I was further reassured by all of this high-level thinking, for it meant that my brain was still firmly lodged inside my skull, regardless of the crack that I felt surely was there. To top off the list of good news, I couldn’t hear any more gunshots, which meant the hunters had decided against blindly shooting into the bush. That, or I had smacked my head so hard as to burst my eardrums and thus wouldn’t have to listen to Mrs.
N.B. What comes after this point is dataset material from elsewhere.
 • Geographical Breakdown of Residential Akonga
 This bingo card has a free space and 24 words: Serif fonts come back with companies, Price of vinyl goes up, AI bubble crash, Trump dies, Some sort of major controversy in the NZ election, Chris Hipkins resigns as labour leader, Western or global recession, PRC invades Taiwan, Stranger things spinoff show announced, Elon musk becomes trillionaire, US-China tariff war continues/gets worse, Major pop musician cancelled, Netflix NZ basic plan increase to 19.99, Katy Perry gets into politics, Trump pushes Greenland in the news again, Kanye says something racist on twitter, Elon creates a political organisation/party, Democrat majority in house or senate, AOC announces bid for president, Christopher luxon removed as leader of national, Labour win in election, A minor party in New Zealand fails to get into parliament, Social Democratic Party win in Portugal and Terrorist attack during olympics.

Steward’s rants and raves.
As my limbs all seemed to be in functioning order, I started to push myself up and heard a low, hoarse cough right behind me, which of course could only mean one thing: my ears still worked.
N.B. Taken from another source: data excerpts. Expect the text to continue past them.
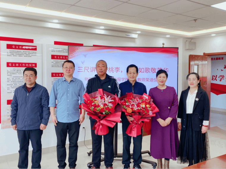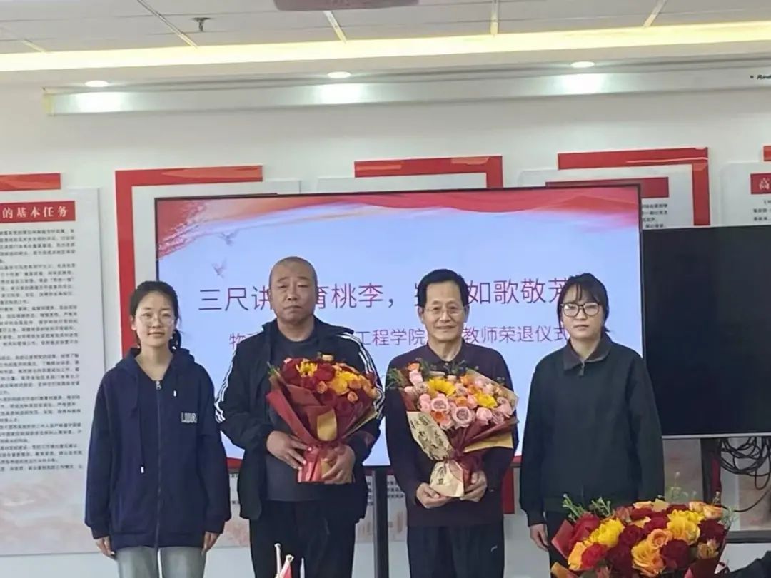 4月14日,物理与电子信息工程学院在逸夫楼809隆重举行退休教师荣退仪式,向光荣退休的教师致以崇高敬意和诚挚感谢。学校人事处王祯祺科长、离退休人员工作处巩立红科长、学院领导班子成员和教师代表以及学生代表齐聚一堂,共同见证这一温馨而难忘的时刻。
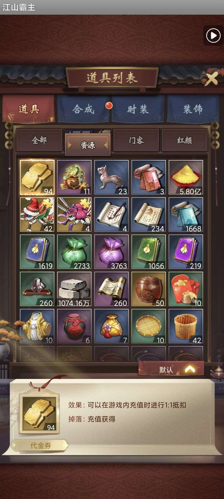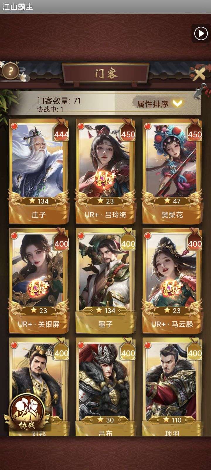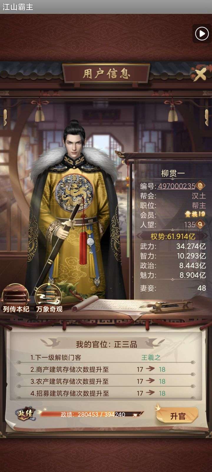 135亿战力。天神将+up将,主妃22w,VIP23。黄金阵容,资源库看图
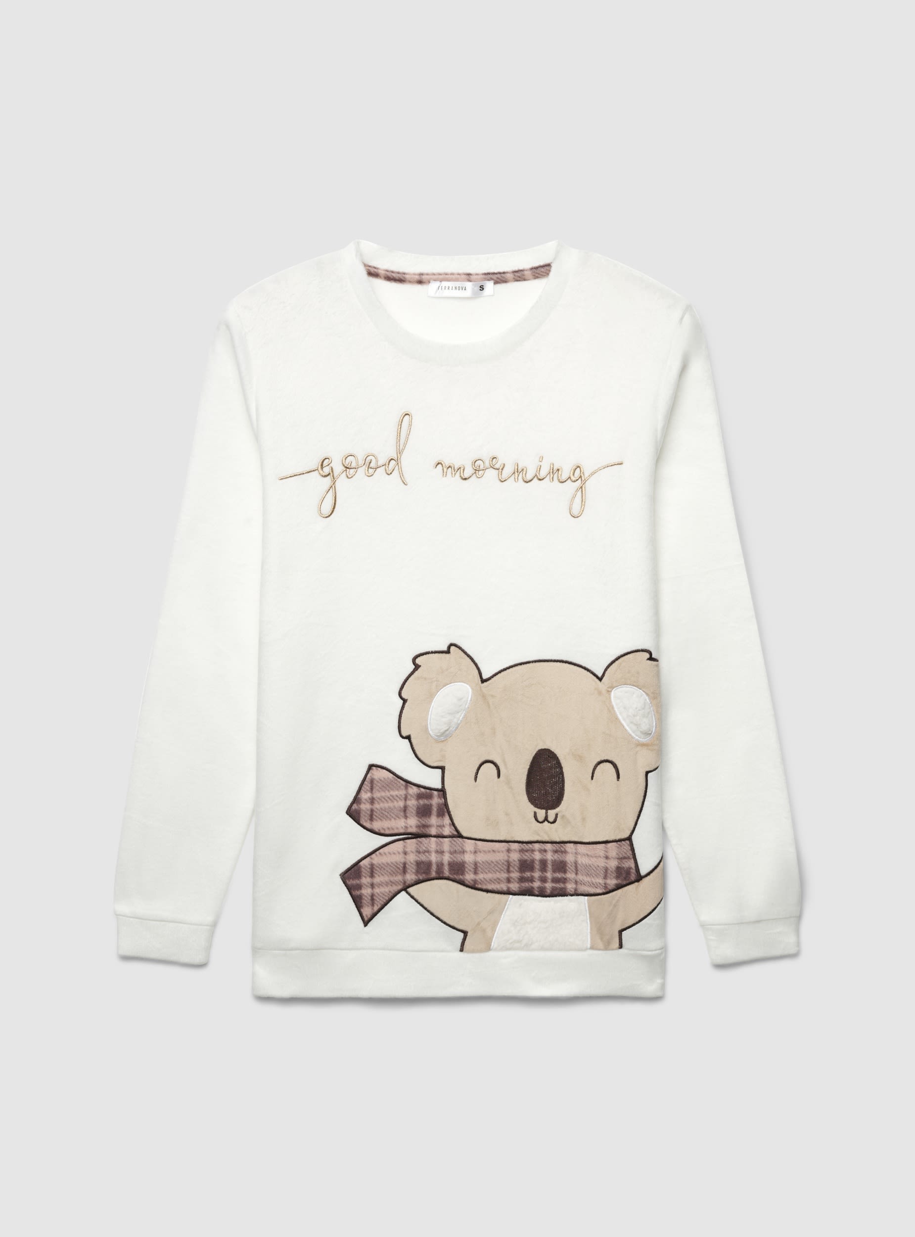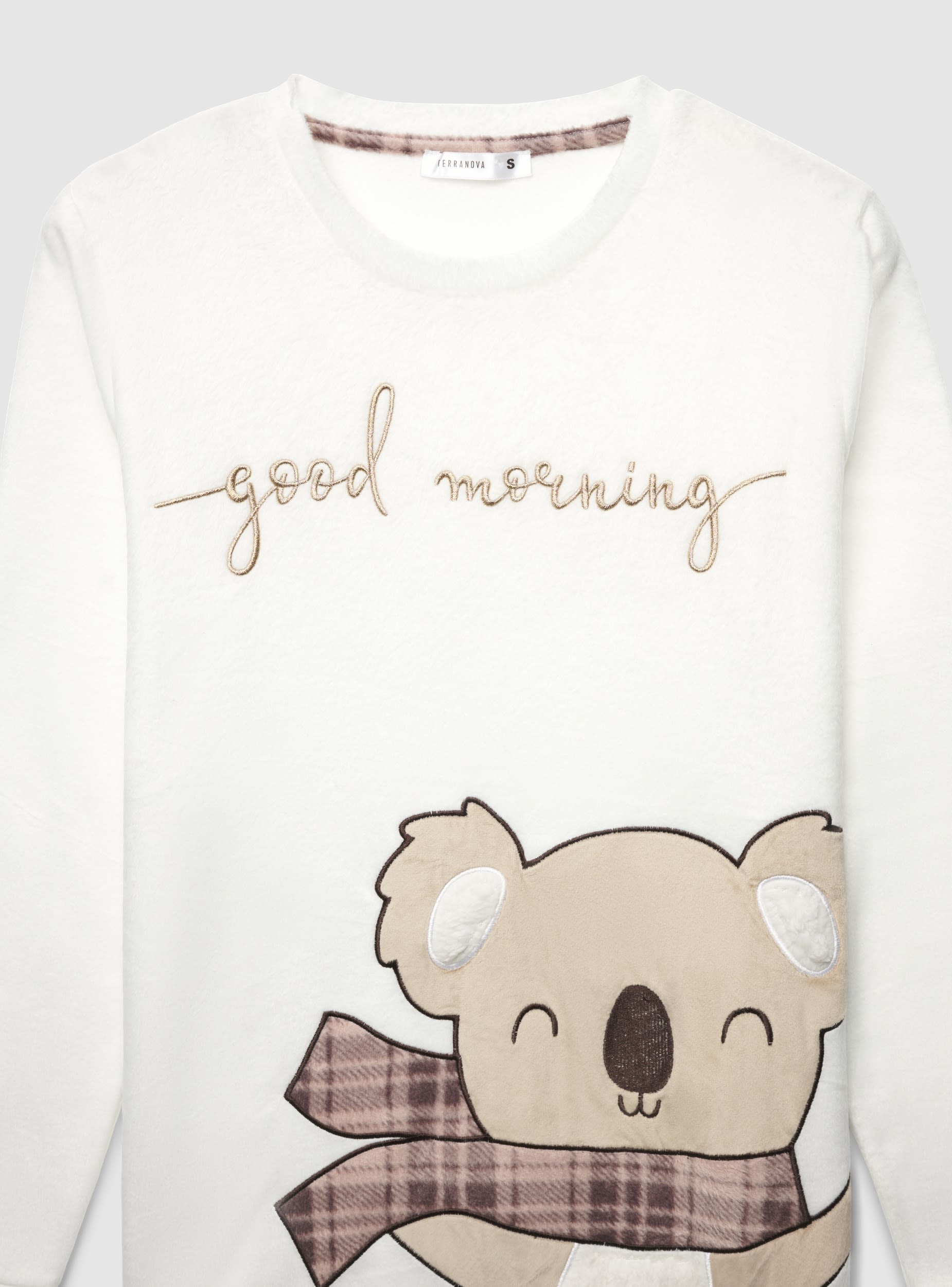 Set pigiama da donna con maglia a maniche lunghe e scollo tondo, impreziosita dalla scritta ricamata “good morning” e grande applicazione koala sul davanti. Pantaloni lunghi a quadri con elastico in vita. Vestibilità regular fantasia con stampe e ricami. Ideale per serate rilassate e giornate di relax in casa, si abbina a vestaglia e pantofole per un look cozy.Dettagli

And that there was a lion crouching in the thicket at my back.
Just as I was pondering my chances of standing up and climbing a nearby tree before the lion pounced, I saw another stroll out of the shadows and into my little clearing. Her mouth was partially open, revealing an impressive array of strong, sharp teeth and a tongue damp with saliva. The beast was probably salivating at the prospects of an easy meal.
Maybe randomly fired guns weren’t so terrible after all.
I began wondering how long I could hold off the lions with my walking stick and bag of cinnamon. I had come to the conclusion that I wouldn’t last too long, although I would put up an admirable effort, when something came crashing through the brush.
For a hopeful second, I thought it was Kam, bravely (but foolishly) coming to rescue me. Instead, another lion leaped out and loped toward me, no doubt eager for a little bite. The other lions growled and backed away, which was rather strange. Shouldn’t they all be eagerly leaping at me together in hungry unity? I narrowed my eyes and the new lion’s energy field twirled brighter than the others, shifting between human and feline form.
“I really, truly hope you’re Nyambura,” I said and the lion roared softly, which did little to convince me I was anything more than dinner. I raised my walking stick.
“Miss Knight,” the lion shouted. No, wait, that sounded like…
Kam jumped out of the bush as the were-lion skidded to a halt in front of me and my walking stick, which I was quite prepared to use even if the large cat was really just a young girl. The two other lions slunk away.
“The chloroform, Miss Knight, quickly,” Kam said, holding out the saddle bag.
Overhead, a loud crack was followed by a sheet of lightning; the tree cover was thick enough that all I could detect were a few splotches of brilliant white that subsided into darkness. The air tingled with ozone.
I looked warily at Nyambura the lion, but she was busy swatting at a large moth with an even larger paw. Gunshots echoed through the narrow strip of forest and the girl’s large, tawny brown head swivelled around, her furry ears twitching.
I reached one hand to Kam, my stick still firmly clenched in the other as if it would be any use against a large, moth-chasing
lion. Well, it just might be. More surprising things have happened.
I rummaged through the leather bag and extracted the two glass bottles full of a clear liquid that sloshed against the sides as if seeking a way out and into our lungs.
Which led me to a concern I hadn’t previously raised.
“How,” I asked, “do we dispense this without knocking ourselves out in the process?”
Behind us, branches snapped and men’s voices rose in excitement and fear while something bigger barrelled through the brush and the dark toward us.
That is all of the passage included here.